**WORK INSTRUCTION**
Range to copy from the entries below: the line containing "DEBANG HOME Dog" through the line containing "ระหว่างวันที่ 24 –", inclusive. Retype only those lines, exactly, without any images.

**DATASET EXTRACT**
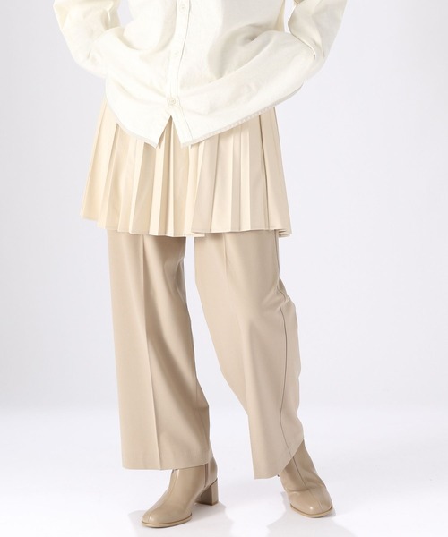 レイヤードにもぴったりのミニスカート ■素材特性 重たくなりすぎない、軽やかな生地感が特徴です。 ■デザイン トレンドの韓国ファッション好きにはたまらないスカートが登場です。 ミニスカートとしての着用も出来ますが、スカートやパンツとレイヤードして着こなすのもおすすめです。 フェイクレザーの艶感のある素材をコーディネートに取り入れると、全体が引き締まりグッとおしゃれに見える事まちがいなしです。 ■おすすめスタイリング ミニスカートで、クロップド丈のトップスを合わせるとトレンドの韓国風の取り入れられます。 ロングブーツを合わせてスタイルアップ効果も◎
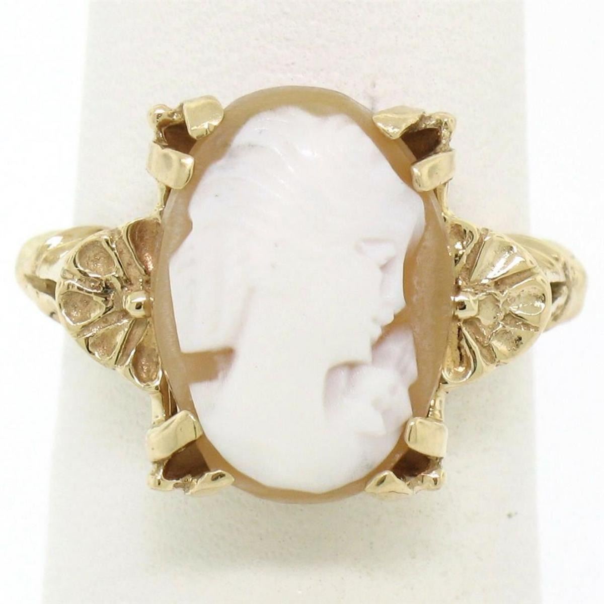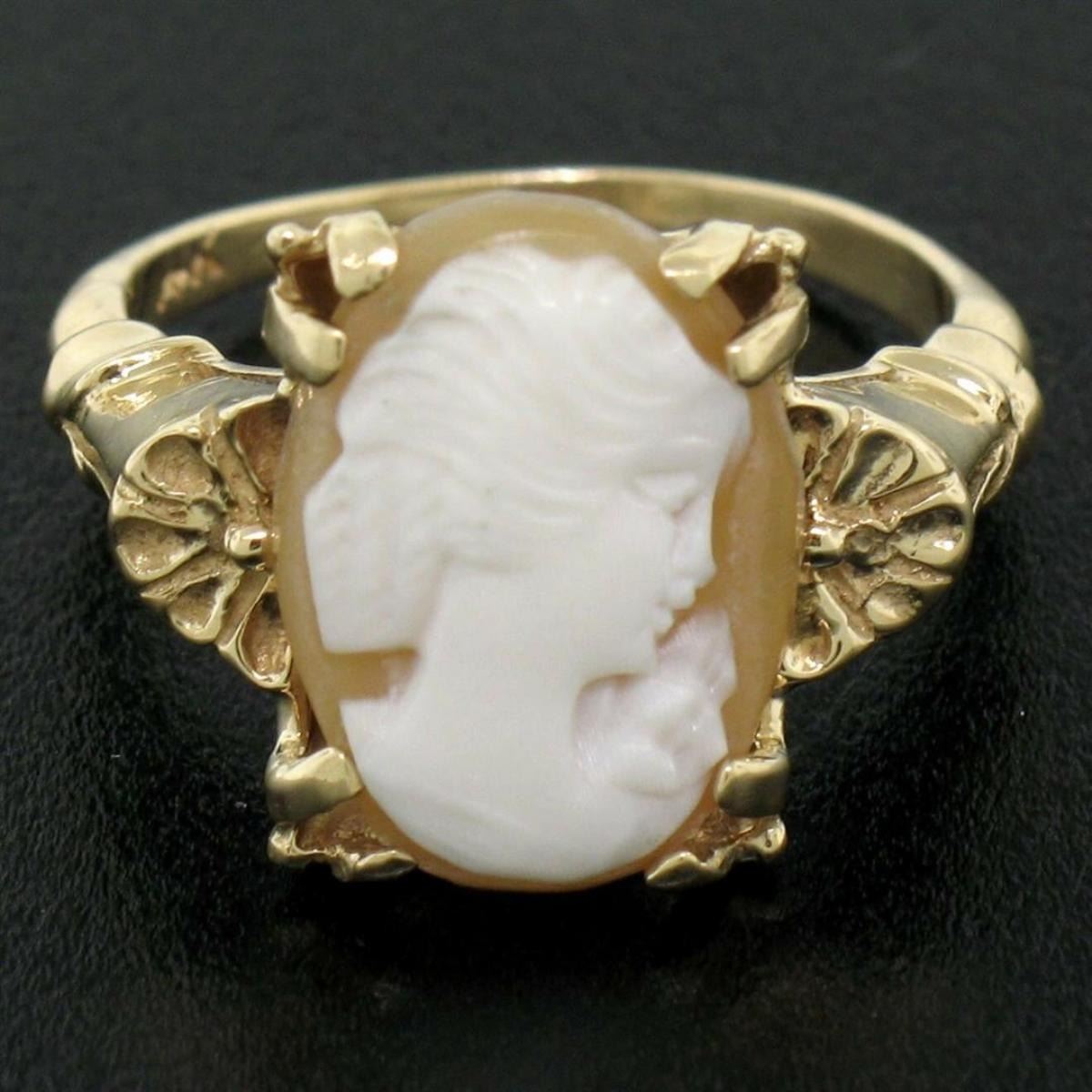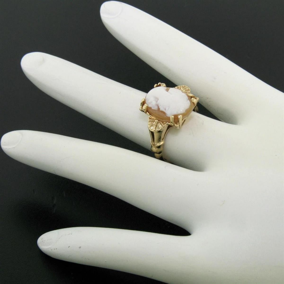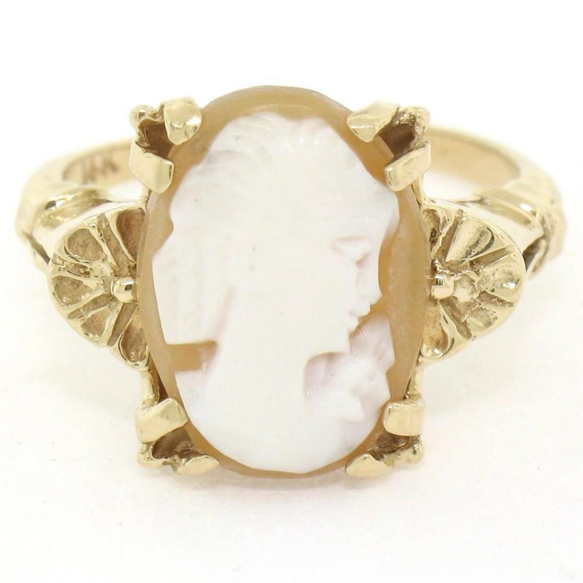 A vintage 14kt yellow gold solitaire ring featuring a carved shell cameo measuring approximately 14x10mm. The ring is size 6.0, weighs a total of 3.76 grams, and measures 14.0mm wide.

---

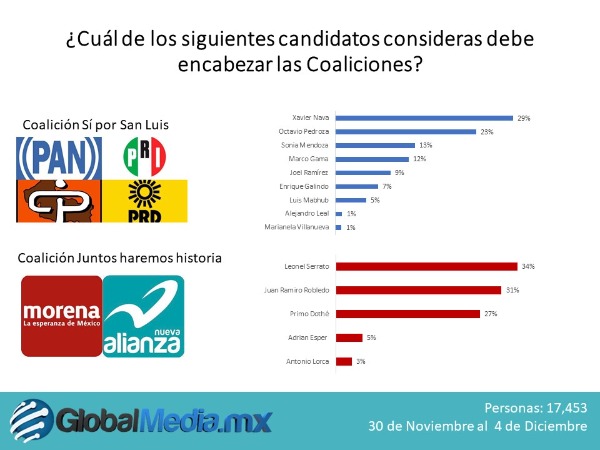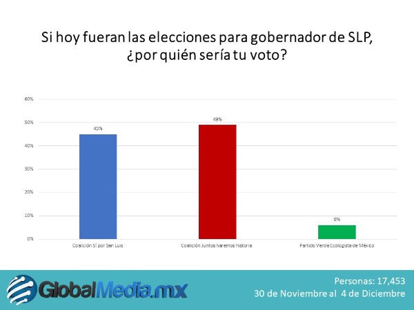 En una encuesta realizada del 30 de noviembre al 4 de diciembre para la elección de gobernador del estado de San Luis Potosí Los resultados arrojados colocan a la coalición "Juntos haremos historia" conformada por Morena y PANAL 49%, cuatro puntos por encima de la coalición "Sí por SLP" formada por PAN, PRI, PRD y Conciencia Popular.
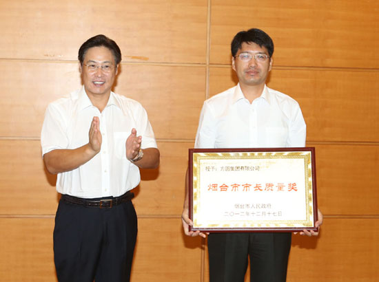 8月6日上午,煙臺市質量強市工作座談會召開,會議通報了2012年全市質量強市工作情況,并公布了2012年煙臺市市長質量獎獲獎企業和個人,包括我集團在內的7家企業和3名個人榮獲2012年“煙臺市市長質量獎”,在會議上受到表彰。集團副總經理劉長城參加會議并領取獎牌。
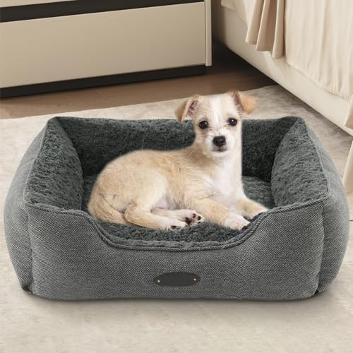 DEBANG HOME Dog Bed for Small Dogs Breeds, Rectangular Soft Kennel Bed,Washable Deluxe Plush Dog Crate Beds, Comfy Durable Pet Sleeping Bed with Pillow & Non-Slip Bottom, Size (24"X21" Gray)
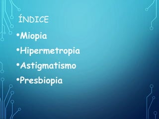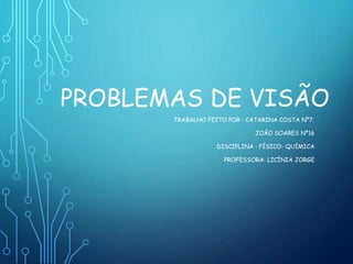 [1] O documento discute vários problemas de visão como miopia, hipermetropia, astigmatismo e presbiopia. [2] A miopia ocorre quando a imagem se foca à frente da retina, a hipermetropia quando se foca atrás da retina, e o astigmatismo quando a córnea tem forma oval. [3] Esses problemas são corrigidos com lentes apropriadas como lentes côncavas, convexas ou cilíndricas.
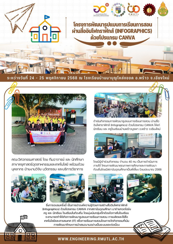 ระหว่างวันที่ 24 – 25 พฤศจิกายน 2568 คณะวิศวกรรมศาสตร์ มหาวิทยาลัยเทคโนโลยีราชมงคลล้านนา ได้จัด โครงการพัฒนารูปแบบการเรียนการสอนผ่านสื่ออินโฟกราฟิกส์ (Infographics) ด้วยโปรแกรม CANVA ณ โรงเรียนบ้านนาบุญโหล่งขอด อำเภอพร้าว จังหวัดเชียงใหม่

**RESPONSE AREA**
 DEBANG HOME Dog Bed for Small Dogs Breeds, Rectangular Soft Kennel Bed,Washable Deluxe Plush Dog Crate Beds, Comfy Durable Pet Sleeping Bed with Pillow & Non-Slip Bottom, Size (24"X21" Gray)
 [1] O documento discute vários problemas de visão como miopia, hipermetropia, astigmatismo e presbiopia. [2] A miopia ocorre quando a imagem se foca à frente da retina, a hipermetropia quando se foca atrás da retina, e o astigmatismo quando a córnea tem forma oval. [3] Esses problemas são corrigidos com lentes apropriadas como lentes côncavas, convexas ou cilíndricas.
 ระหว่างวันที่ 24 – 25 พฤศจิกายน 2568 คณะวิศวกรรมศาสตร์ มหาวิทยาลัยเทคโนโลยีราชมงคลล้านนา ได้จัด โครงการพัฒนารูปแบบการเรียนการสอนผ่านสื่ออินโฟกราฟิกส์ (Infographics) ด้วยโปรแกรม CANVA ณ โรงเรียนบ้านนาบุญโหล่งขอด อำเภอพร้าว จังหวัดเชียงใหม่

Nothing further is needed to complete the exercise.